There can be vast variations in the cost of engaging with a conveyancer and fees will be dependent on the range and types of work that is undertaken on your behalf. To add another layer of complexity to the pricing structure, different states have different conditions for the sale of properties in their jurisdiction. Nationally though, when utilising the services of a conveyancer you are entitled to know their fees up front and they should be honestly disclosed and have the option to negotiate.


In Brisbane (and Queensland) fees are often presented as:

  • For a sale – the portion of the property sell price as a percentage.
  • For a purchase – a portion of the property buy price as a percentage.
  • Fees (flat) for each item they perform tasks to complete such as drafting contracts, title searches and council searches.
  • Overall fee for the management of the conveyancing of the property portfolio.

The cost of conveyancing in Brisbane (and Queensland) can range from $500 to $1300 (@2020). There can be other costs that they may include such as disbursement costs for any transactions, or additional legal tasks or representations made on your behalf. In Queensland these fees average less than $300.  Once this is completed, you can then consider finding the best Brisbane Removalists for your move.
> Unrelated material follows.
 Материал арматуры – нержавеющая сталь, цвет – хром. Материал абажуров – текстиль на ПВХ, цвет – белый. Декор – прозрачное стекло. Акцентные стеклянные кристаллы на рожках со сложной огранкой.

Often (but not always) the Sydney conveyancer may structure their fees according to:

  • For a sale – the portionoftheproperty sell price as a percentage.
  • For a purchase – a portion of the property buy price as a percentage.
  • Fees (flat) for each item they perform tasks to complete such as drafting contracts, title searches and council searches.
  • Overall fee for the management of the conveyancing of the property portfolio.
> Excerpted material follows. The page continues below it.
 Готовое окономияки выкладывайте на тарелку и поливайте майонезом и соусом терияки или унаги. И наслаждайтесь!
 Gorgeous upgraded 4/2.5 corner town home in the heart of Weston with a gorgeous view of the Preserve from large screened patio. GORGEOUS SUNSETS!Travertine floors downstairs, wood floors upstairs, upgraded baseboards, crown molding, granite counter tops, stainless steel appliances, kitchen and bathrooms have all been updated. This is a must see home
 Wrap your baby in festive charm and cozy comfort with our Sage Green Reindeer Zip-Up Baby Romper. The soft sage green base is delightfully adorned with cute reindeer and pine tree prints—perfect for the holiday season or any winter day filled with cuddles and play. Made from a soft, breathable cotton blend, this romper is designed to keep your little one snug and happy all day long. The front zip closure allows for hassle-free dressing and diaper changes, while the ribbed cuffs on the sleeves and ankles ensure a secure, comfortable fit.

The cost of conveyancing in Sydney (and New South Wales) can range from $500 to $1200 (@2020). There can be other costs that they may include such asdisbursement costs for any transactions made on your behalf. Depending of the attributes of the property and associated administration, some of these may be (@2020):

  • Local council building certificate ($250)
  • Title search ($20 - $100)
  • Sydney Water rates certificate ($65)
  • Local council s149 certificate ($53 - $133)
  • Local council rates certificate ($65)
  • Drainage diagram ($25)
  • Land tax clearance certificate ($20 - $25)
  • Environmental Protection Authority ($20 - $25)
  • Roads & Traffic Authority ($20 - $25)
  • Department of Education ($20 - $25)
  • Transgrid electricity/power stations ($20 - $30)
  • Local council Pool Compliance/Non-Compliance certificate ($150 - $450)
  • Administration fees such as faxes, postages or lodgement fees.
  • Any other costs that apply.

Once done, start looking early for Sydney Removalists.


According to Consumer Affairs Victoria, the Melbourne conveyancer must:

  • Disclose their fees to their client at the very beginning of the engagement process, or the moment they can be discerned.
  • If there are unusual circumstances where the conveyancer is unable to disclose their fees, detail how the proposed fees will be calculated.
  • Provide clients with invoices and information about payment terms and conditions.

The cost of conveyancing in Melbourne (and Victoria) can range from $600 to $1400 (@2020). There can be other costs that they may include such as disbursement costs for any transactions, or additional legal tasks or representations made on your behalf.In Victoria these fees average less than $400.

After this, start prepping your move by searching for Removalists in Melbourne for your move.


All legal fees, no matter where you are located, are completed by your “settlement date” and you will be handed the keys to your new future! Now is the time to pop the cork on the champagne (I hope your Estate Agent get you a bottle) and begin the move!

This is where you can let out a deep sigh of relief knowing that you have completed all the hard stuff, at least until you have to start lifting all those boxes!